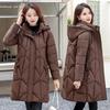 Erleben Sie ultimativen Komfort und Stil mit diesem Damen-Baumwollmantel in mittlerer Länge im koreanischen Stil. Fachmännisch für kaltes Wetter entworfen, verfügt es über eine Daunenbaumwollfüllung, um Wärme und Isolierung gegen raue Wintertemperaturen zu gewährleisten.. Der Mantel zeichnet sich durch einen lockeren Schnitt aus, der eine schlankmachende Wirkung hat und gleichzeitig Platz für darunterliegende Schichten bietet.. Seine abnehmbare Kapuze sorgt für Vielseitigkeit und ermöglicht es Ihnen, Ihren Look je nach Wetterlage anzupassen.. Mit langen Ärmeln und einem Kapuzenausschnitt ist diese Oberbekleidung aus strapazierfähigem Polyester gefertigt, was sie zu einer zuverlässigen und modischen Wahl für Ihre Wintergarderobe macht.
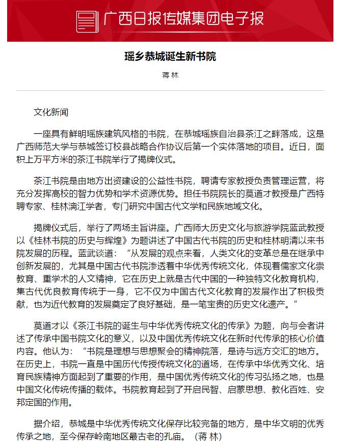 茶江书院是由地方出资建设的公益性书院,聘请专家教授负责管理运营,将充分发挥高校的智力优势和学术资源优势。担任书院院长的莫道才教授是广西特聘专家、桂林漓江学者,专门研究中国古代文学和民族地域文化。
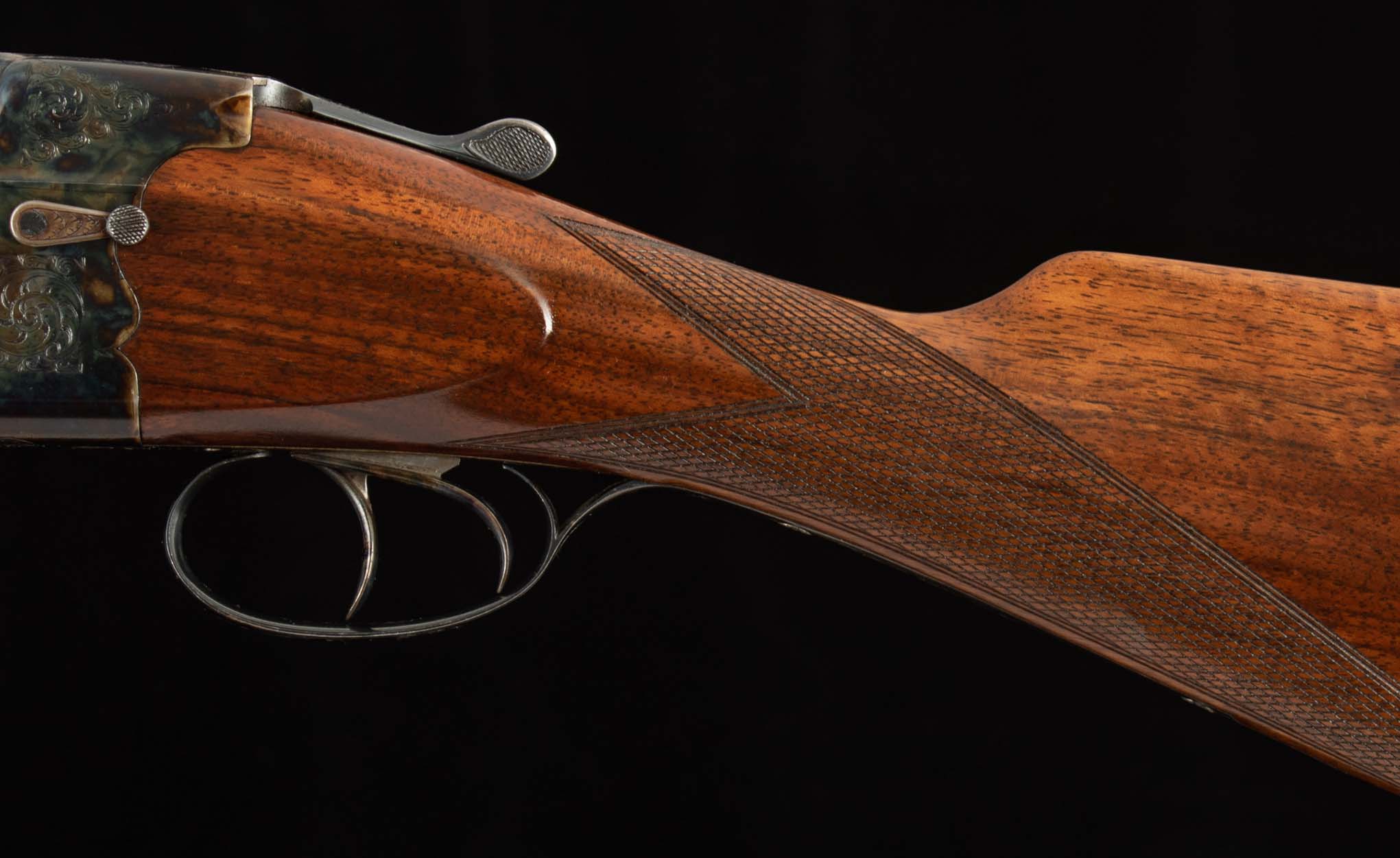 | Terms of Purchase: Check your local and state laws before purchasing. It is the buyer’s responsibility to confirm his/her right to own the firearm or any item before purchasing. PLEASE SEE OUR OTHER FINE VINTAGE FIREARMS. View all listings and our full inventory of fine sporting and collectible arms will appear. Thanks for looking!We employ full time gunsmiths on premises and can perform alterations to suit your needs within a few weeks of purchase. Common requests are: -stock bending to suit your particular requirements -addition of any specified butt pad to increase length of pull -alteration of chokes to suit your shooting preferences -lengthening of chambers and forcing cones -darkening stock color with penetrating stains -restoring any part of the gun including rust blue, charcoal blue, bone and charcoal case color, wood restoration and checkering recuts. If you like one our guns but it needs “tweaked”, let us know and we can quote you a time and price. Some enthusiasts like the guns “as found” and others want them “just so”. We often list guns as found and let the particular buyer choose how they want their gun to fit or look. |
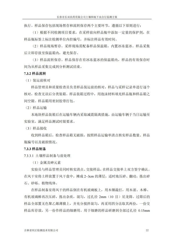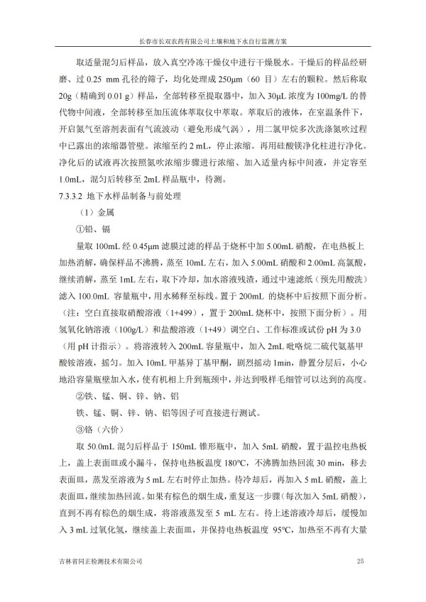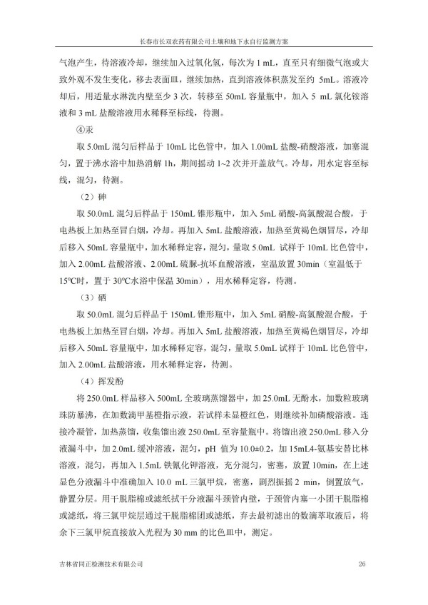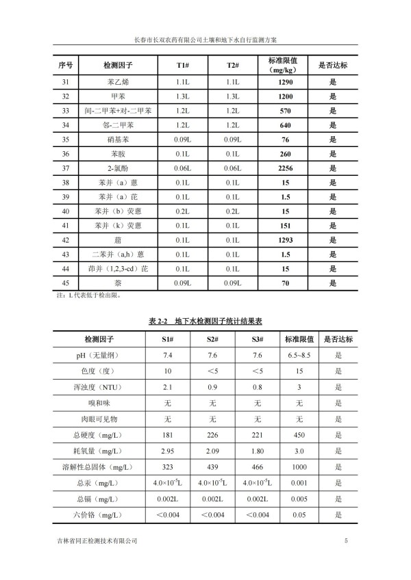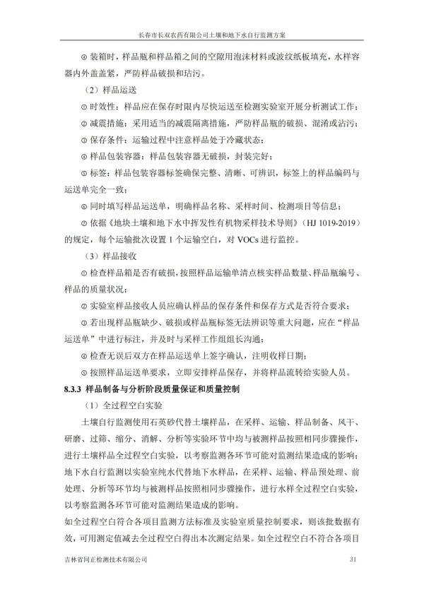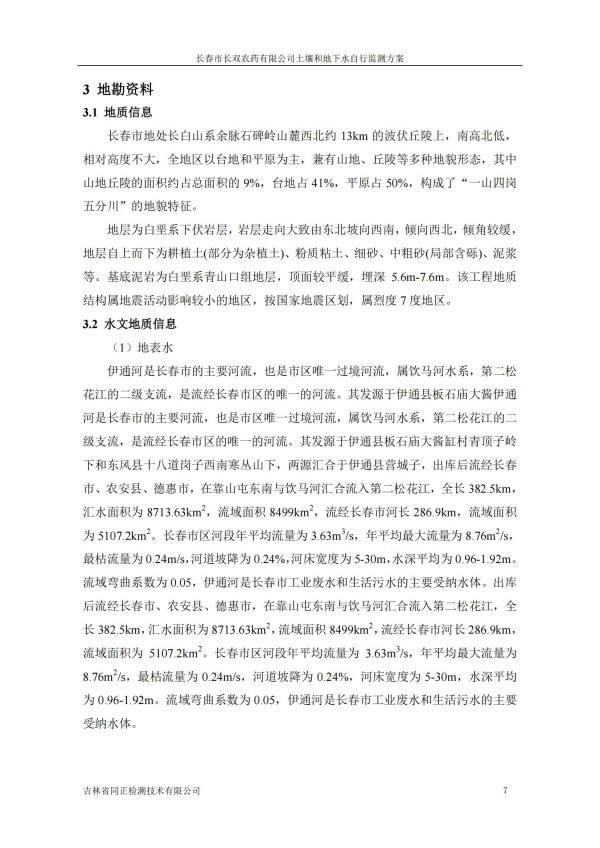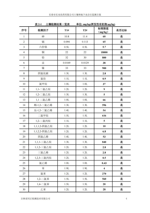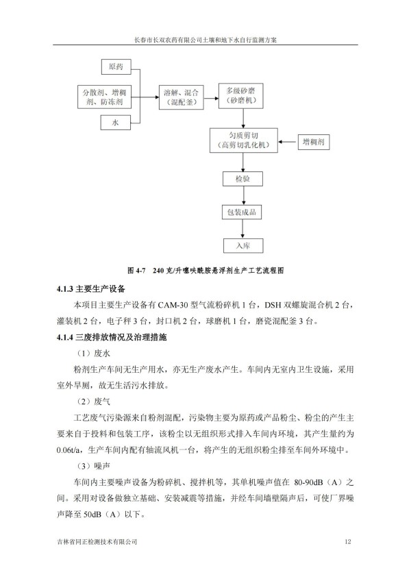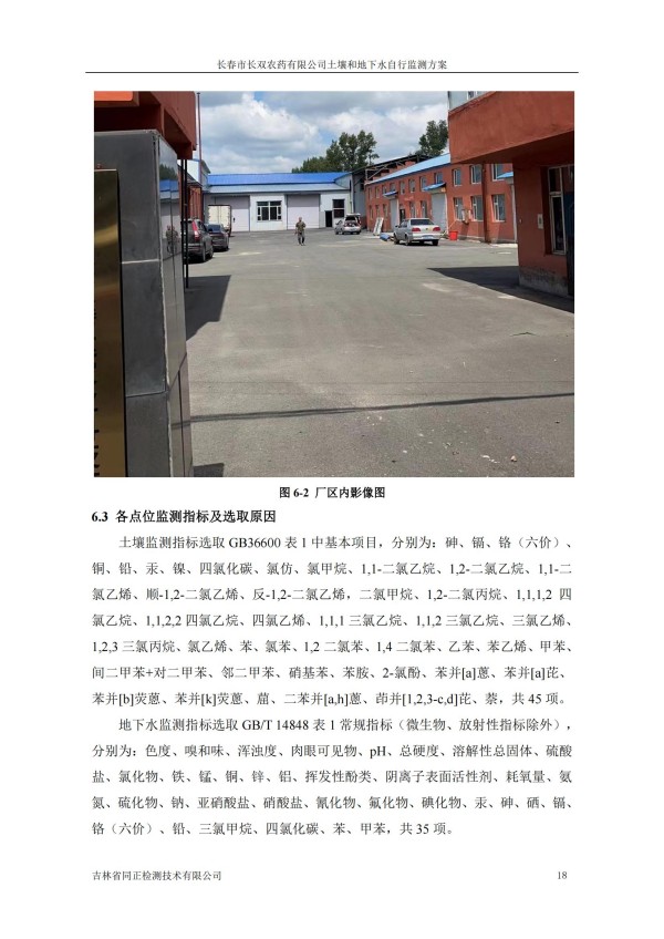 長春市長雙農(nóng)藥有限公司土壤和地下水自行監(jiān)測方案(2024度)

EXERCISE BRIEF -
Restate exactly the lines that start at the "茶江书院是由地方出资建设的公" line and end with the last line of the material above, leaving out the pictures.

WORKED SOLUTION -
 茶江书院是由地方出资建设的公益性书院,聘请专家教授负责管理运营,将充分发挥高校的智力优势和学术资源优势。担任书院院长的莫道才教授是广西特聘专家、桂林漓江学者,专门研究中国古代文学和民族地域文化。
 | Terms of Purchase: Check your local and state laws before purchasing. It is the buyer’s responsibility to confirm his/her right to own the firearm or any item before purchasing. PLEASE SEE OUR OTHER FINE VINTAGE FIREARMS. View all listings and our full inventory of fine sporting and collectible arms will appear. Thanks for looking!We employ full time gunsmiths on premises and can perform alterations to suit your needs within a few weeks of purchase. Common requests are: -stock bending to suit your particular requirements -addition of any specified butt pad to increase length of pull -alteration of chokes to suit your shooting preferences -lengthening of chambers and forcing cones -darkening stock color with penetrating stains -restoring any part of the gun including rust blue, charcoal blue, bone and charcoal case color, wood restoration and checkering recuts. If you like one our guns but it needs “tweaked”, let us know and we can quote you a time and price. Some enthusiasts like the guns “as found” and others want them “just so”. We often list guns as found and let the particular buyer choose how they want their gun to fit or look. |
 長春市長雙農(nóng)藥有限公司土壤和地下水自行監(jiān)測方案(2024度)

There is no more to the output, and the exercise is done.